Whatʻs Next for Hawaii – ʻAina Aloha Economic Futures Initiative
Hawaiʻi is particularly hard hit by the Covid-19 pandemic due to our stateʻs over-dependence on tourism as an economic driver. At all levels of government and business, we are rethinking the future. Because I have seen the value in this kind of process over the past 15 years of volunteering with the North Kohala Community Development Plan, I am truly excited by the ʻĀina Aloha Economic Futures initiative (AAEF) which is a similar process on a larger scale to look at the future of Hawaiʻi.
This a long post, but I want to explain why I am an enthusiastic supporter of this AAEF effort and believe it will make a difference. I hope that you will also contribute; diverse voices and high involvement will make this an actionable set of results.
Twelve Years of Experience with a Similar Project in North Kohala – Success is Possible
When I arrived in North Kohala in 2005, the Community Development Plan (NKCDP) process that was part of the Countyʻs General Plan update had just kicked off. It began with a year of gathering community input, out of which four key issue areas were selected. A Steering Committee was appointed and dozens of volunteers worked to research and craft specific proposals put into a report that was passed by the County Council and signed by the Mayor as a County Ordinance in 2008.
I attribute much of what continues to make Kohala such a great place to live and work to the high level of participation and buy-in generated by that process. Groups continue to implement specifics from the document a dozen years later. For example, the conservation and preservation of legacy lands that is so dear to my heart is hugely successful in Kohala thanks to the specificity of the NKCDP. Other groups continue to tackle critical issues in infrastructure, growth management, and affordable housing.

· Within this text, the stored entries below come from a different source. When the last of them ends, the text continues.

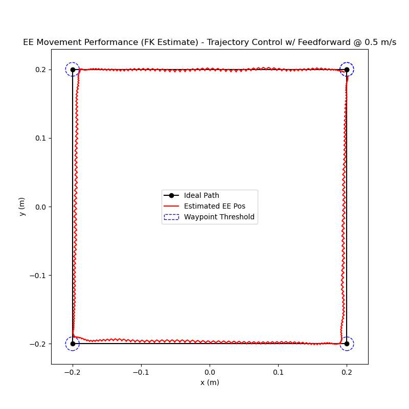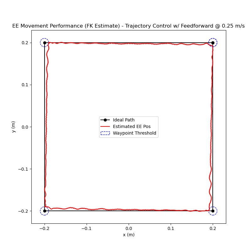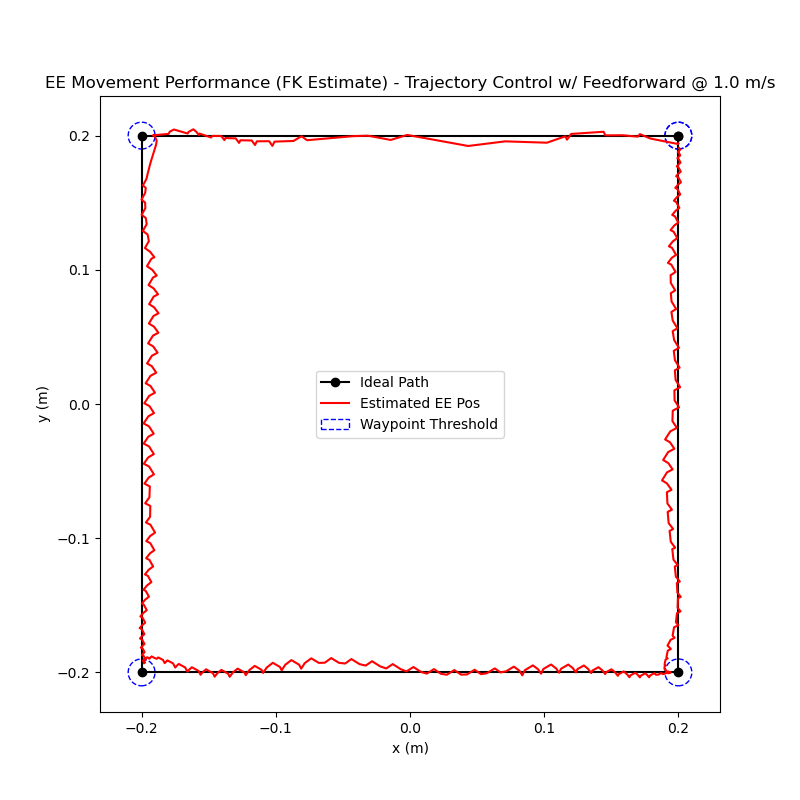 In order for the controller to function correctly, the position and velocity errors must accurately reflect the current state of the system. Since forward kinematics is used to estimate the current end-effector position, I did some testing to see how accurate this estimate is. For my testing, I moved the end-effector to various points in the workspace and logged the estimated and actual end-effector positions (actual position estimated using apriltags).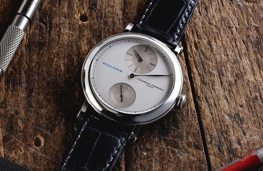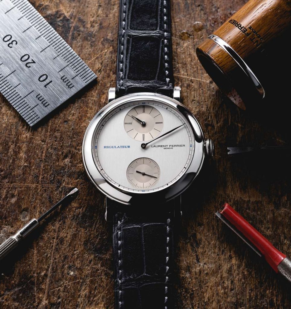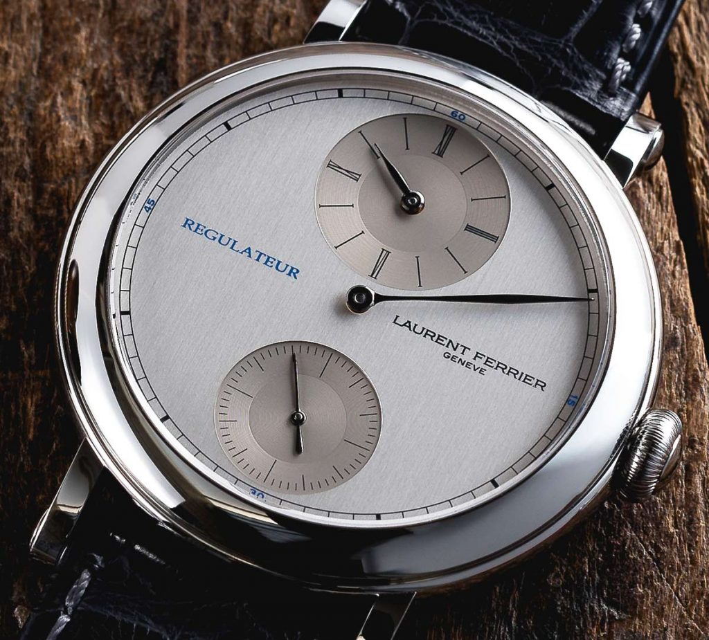 The dial sports a silver tone which is very tantalizing to look at. It has a vertical satin-brushed finish with the minute and seconds counters recessed and contracted with a nickel snailed finish making the sub-dials blend so well. The branding is very minimalist too with a blue REGULATEUR label at 9 o’clock while LAURENT FERRIER GENEVE is placed at 3 o’clock.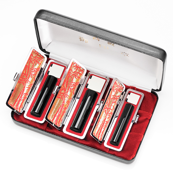 銀行印(16.5mm)×1 認印(13.5mm)×1 エンボスオーストリッチケース(3色から選択可能)・16.5〜18mm用×2 エンボスオーストリッチケース(3色から選択可能)・13.5〜15mm用×1 エクセレントセットケース(3色から選択可能)・3本収納用×1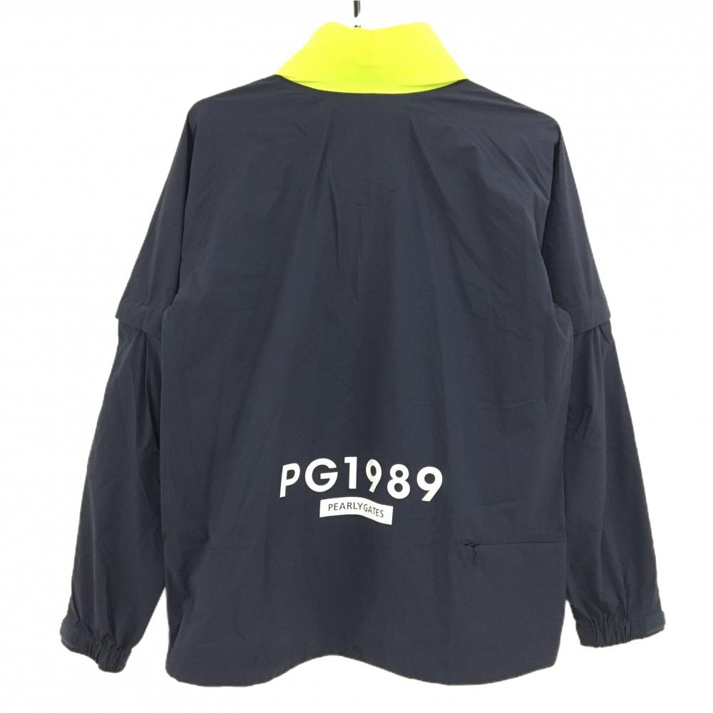 パーリーゲイツ 2WAYジャケット ネイビー×蛍光イエロー フード収納可 袖着脱可 ナイロン100% レディース 1(M) ゴルフウェア PEARLY GATES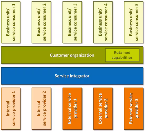 The service integration layer sits in between the customer organization and the service provider(s), and operates through practices, processes, functions, roles, and structural elements.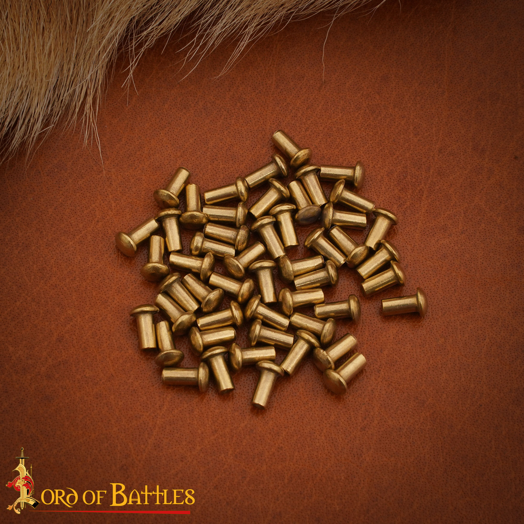 Set of 25 Brass Rivets with Mushroom Head (6 mm)

To Envision and Design the Future, Start with Principles
The North Kohala CDP process began with gathering of community input and deciding which issues was important. It was not until the Steering Committee was wrestling the work of individual task forces into a coherent plan that anyone questioned what the often repeated phrase “Keep Kohala, Kohala” meant. The committeeʻs chair Fern White, educator and Hawaiian cowgirl, asked whether that meant keep it as it was in 2005 – which made no sense given all the proposals being worked on. Did it mean like Kohala was pre-contact? Or plantation days? Or after the plantations closed and the economy was devastated?

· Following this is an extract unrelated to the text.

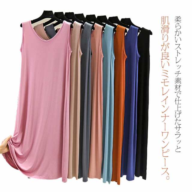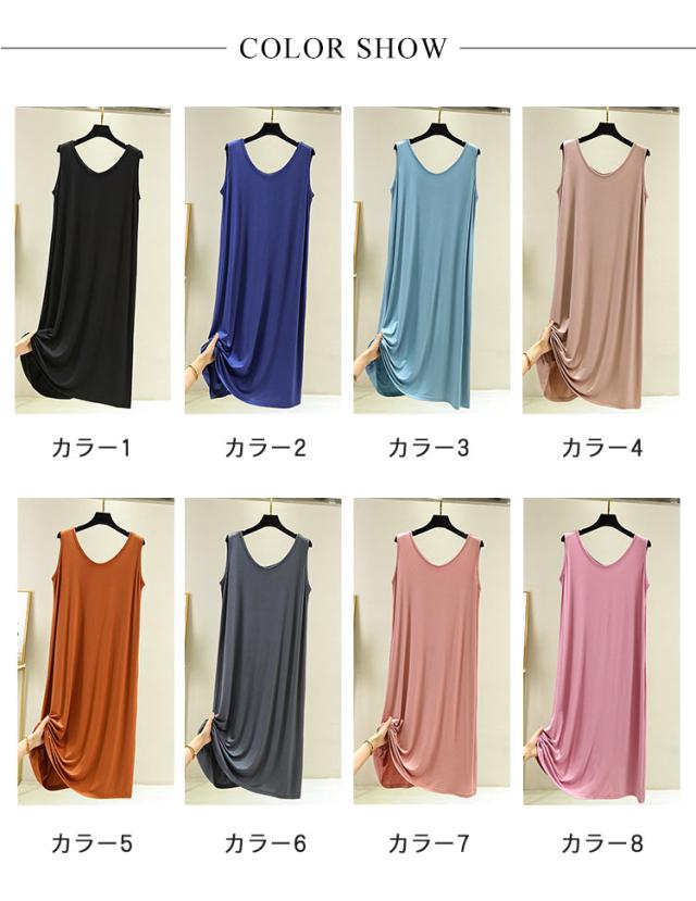 ワンピース レディース ミモレ丈ワンピース ロングワンピース インナーワンピース ノースリーブ 夏ワンピース カジュアルワンピース 膝下丈 Uネック 大人 シンプル 無地 レイヤード 部屋着 ルームウエア オシャレ ゆったり 春夏 送料無料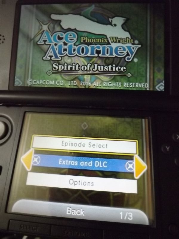 In one of the screenshots, the English menu is shown confirming Spirit of Justice’s DLC for the west. It’s right there when you start the game under “Extras and DLC”. There really was no reason to think that North America and Europe wouldn’t have the same access as Japan given how Capcom handled the series’ last release, Dual Destinies. Still, there you go.

The answer turned out to be that the Plan should be guided by a place-specific vision grounded in a set of values. Hence it makes sense to me that the goal of the ʻAina Aloha Economic Futures creators was to “initiate and execute a process to gather grassroots community input to develop a vision for Hawaiʻiʻs economic future that is grounded on a core set of values that embrace our unique island culture and identity.”
To read about the values and principles guiding the ʻAina Aloha Economic Futures work, look at their website here. Although the initial authors are Native Hawaiian, please scroll through the thousands of individuals and organizations that have signed on. They represent non-profit organizations and businesses and schools and farmers and ranchers and ordinary concerned residents of the State. There is a sincere desire by the organizers to be inclusive. The glue that binds diverse interests is the core set of values.
How to Contribute to the Discussion on Specific Proposals
During the week of July 13-17, 2020, online breakout sessions will discuss proposals in fourteen areas of economic activity and interest. If you cannot tune in to the live sessions, you can submit feedback via this super cool Consider.it software designed to provide for “civil, organized, and efficient online dialogue.”
From a new vision of tourism, to diversified economic development, technology, agriculture and climate change, the intent is to bring forward existing and new proposals for discussion. The documentation from these hosted dialogues will be available in a library, so if you read this blog posts weeks or months from the time of the discussion, you can find them here. And I will continue writing about projects and initiatives that emerge from the ʻĀina Aloha Futures initiative as it goes forward.